→ Recorded data:
--- START ---

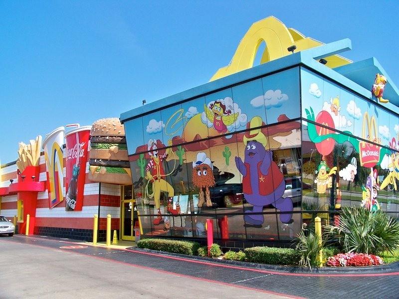 德州這間麥當勞,如果是十年前的我,看到一定會尖叫歡呼,「快樂兒童餐」是每個小朋友的回憶,以前就連餐盒我都要帶回家,結果這間麥當勞竟然就是以快樂兒童餐的餐盒為外型,oh my God!除了麥當勞叔叔,其他的經典角色也都全部經典重現,我好想去跟它們拍照喔!!
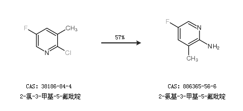 1.通过2-氯-3-甲基-5-氟吡啶合成2-氨基-3-甲基-5-氟吡啶,收率约57%;
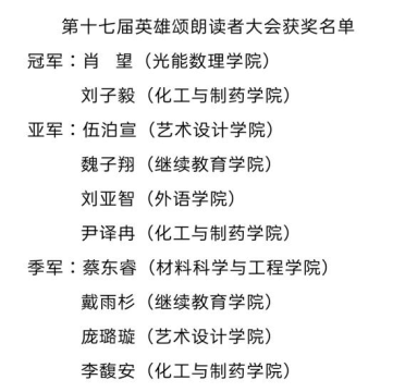 经过两轮的激烈角逐,共有10名同学脱颖而出,分别荣获一等奖、二等奖、三等奖。15名参赛选手获得优秀奖。他们或以真挚的赞美之情令人动容,或以纯熟的朗诵技巧让人折服,或以激昂的表演风格使人振奋。一位位英雄的形象通过他们的朗读变得更为立体、更加伟岸。此间山河,百代过客。月落参横,万古长青。12月12日,化药公司第十七届“英雄颂”汇报演出即将在图灵报告厅拉开帷幕,我们不见不散!
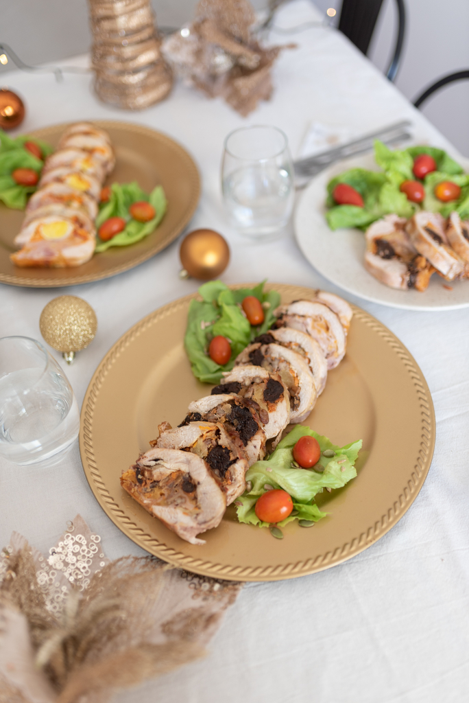 Relleno: jyq, ananá, manzana, ciruelas, nueces, almendras y mani.

--- END ---

→ Exercise goal:
Pictures do not go in the copy. Write out exactly the lines from the line containing "经过两轮的激烈角逐,共有10" through the last line of the listing.

→ Problem solution:
 经过两轮的激烈角逐,共有10名同学脱颖而出,分别荣获一等奖、二等奖、三等奖。15名参赛选手获得优秀奖。他们或以真挚的赞美之情令人动容,或以纯熟的朗诵技巧让人折服,或以激昂的表演风格使人振奋。一位位英雄的形象通过他们的朗读变得更为立体、更加伟岸。此间山河,百代过客。月落参横,万古长青。12月12日,化药公司第十七届“英雄颂”汇报演出即将在图灵报告厅拉开帷幕,我们不见不散!
 Relleno: jyq, ananá, manzana, ciruelas, nueces, almendras y mani.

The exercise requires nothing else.